David Sims writing for The A.V. Club enjoyed the introduction of Margaery's character in the Game of Thrones episode "What Is Dead May Never Die", commenting; "the fun twist to this plot is that Margaery Tyrell is obviously not the blushing maiden she appears to be, but an operator just like everyone else", adding that her introduction is an example of the series "rarely trafficking in cliched characterization." Jenna Busch of Zap2it calls Margaery a "power player" who will "do anything to stay on the throne." In "Valar Dohaeris", Diana Huang of UC Riverside's Highlander News appreciated the development of Margaery's character and called her "self aware and quick-witted" and believes she has the power to wreak havoc in King's Landing.

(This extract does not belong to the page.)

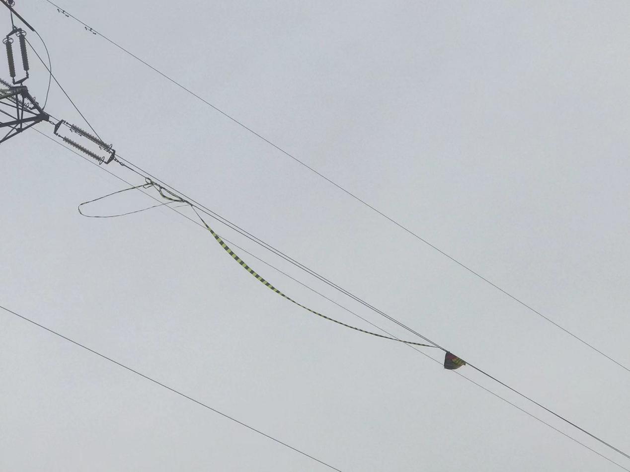 14時(shí)20分,兩人趕到平安區(qū)高鐵新區(qū),開始巡檢曹鐵二回。當(dāng)天是大風(fēng)天氣,狂風(fēng)呼嘯,吹打得人臉生疼?!安惶珜?,那里好像有東西?!崩钊珶j用望遠(yuǎn)鏡看到曹鐵二回3~4號塔段的線路上好像掛著東西。李全焜和佘超趕到異物搭掛現(xiàn)場仔細(xì)觀察后,發(fā)現(xiàn)是一個(gè)長風(fēng)箏掛在導(dǎo)線上,風(fēng)箏長約10米,至少搭掛了一側(cè),風(fēng)箏長尾的擺幅很大,如果再搭掛到線路另一側(cè),后果不堪設(shè)想,兩人立刻向輸配電運(yùn)檢中心匯報(bào)。

Commentators notice Margaery's desire and ability to gain the support of the public, and Margaery has been cited as a prominent example of the story's strong feminist themes. Natalie Dormer, the actress who plays Margaery, discussed Margaery's political savviness: Margaery brings this whole new element to the Game that you haven't seen before, which is basically PR. It's quite a modern ethos on PR and courting public affections, hopefully. We've all seen politicians kiss babies. It doesn't mean that she's insincere in her genuine hope to do charitable work and it's just an interesting new comment on how you handle the masses and how you win power that maybe we haven't seen in Westeros before. She also noted that Margaery comes from a matriarchal family and "that she's more cut from the cloth as a protegee of her grandmother, so she knows what it's like for a woman to be in charge."
For her performance in the show, Natalie Dormer, along with the rest of the ensemble cast, was nominated for four Screen Actors Guild Award for Outstanding Performance by an Ensemble in a Drama Series in 2012, 2014, 2015, and 2016, respectively, and the cast was awarded the Empire Hero Award in 2015 by the British film magazine Empire. For her performance in the third season of the show, Dormer won the Ewwy Award for Best Supporting Actress - Drama.